### [Exercise aim]
Copy the data below exactly, but not the pictures it contains.

──────── Information supplied ────────

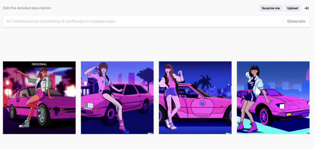 Dall-E软件不知道汽车的确切型号(可能AMi款还比较新)。人物还可以,但不太逼真。而每次获得相同的构图几乎是不可能的。我还意识到,忘了提及许多对设计师来说似乎很直观的细节,比如让人物微笑,让他们目视前方,由女人驾驶,人物要系上安全带等等...
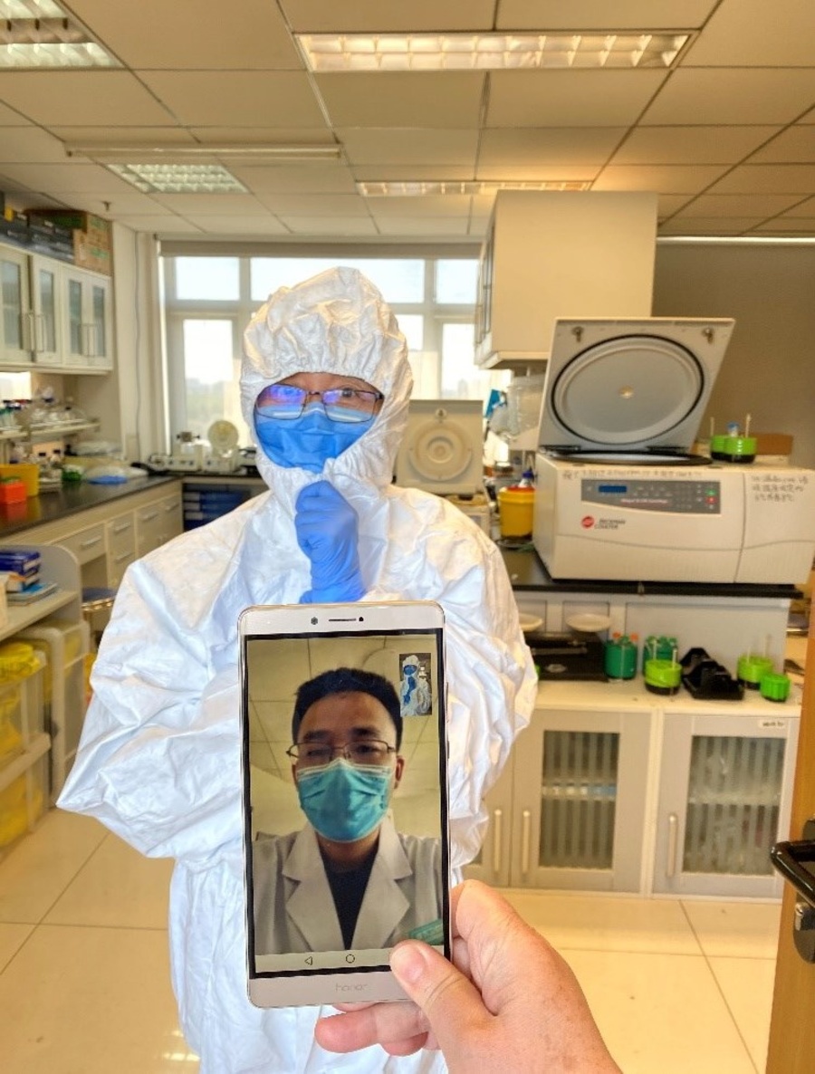 2月,中国医学科学院肿瘤医院分子肿瘤学国家重点实验室,肿瘤信息支社主委曲春枫向远在武汉抗“疫”一线的儿子反复演示如何穿戴防护服
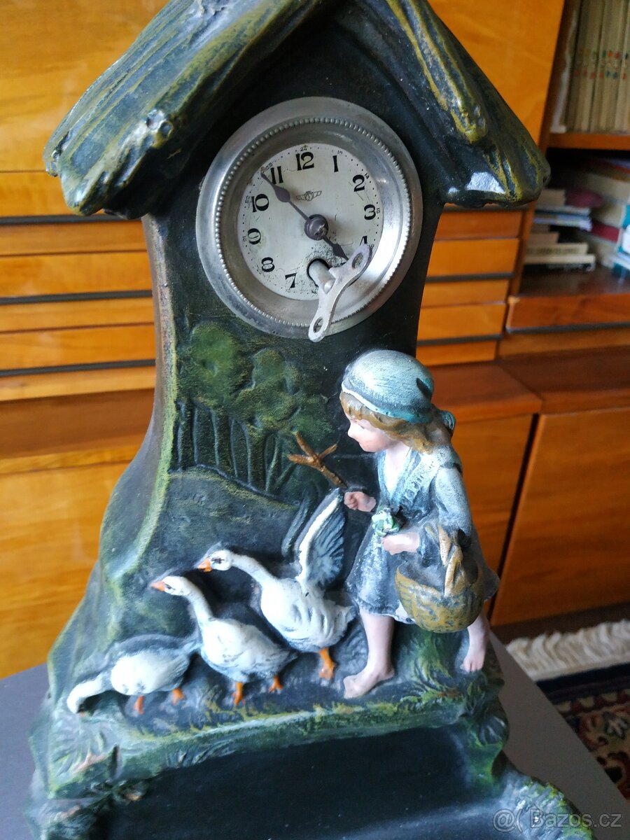 Prodám figurální stolní hodiny. Výška 42cm, šířka 29cm. Krásné provedení, keramika. Cena 3700 Kč.

────────

### [Answer to this exercise]
 Dall-E软件不知道汽车的确切型号(可能AMi款还比较新)。人物还可以,但不太逼真。而每次获得相同的构图几乎是不可能的。我还意识到,忘了提及许多对设计师来说似乎很直观的细节,比如让人物微笑,让他们目视前方,由女人驾驶,人物要系上安全带等等...
 2月,中国医学科学院肿瘤医院分子肿瘤学国家重点实验室,肿瘤信息支社主委曲春枫向远在武汉抗“疫”一线的儿子反复演示如何穿戴防护服
 Prodám figurální stolní hodiny. Výška 42cm, šířka 29cm. Krásné provedení, keramika. Cena 3700 Kč.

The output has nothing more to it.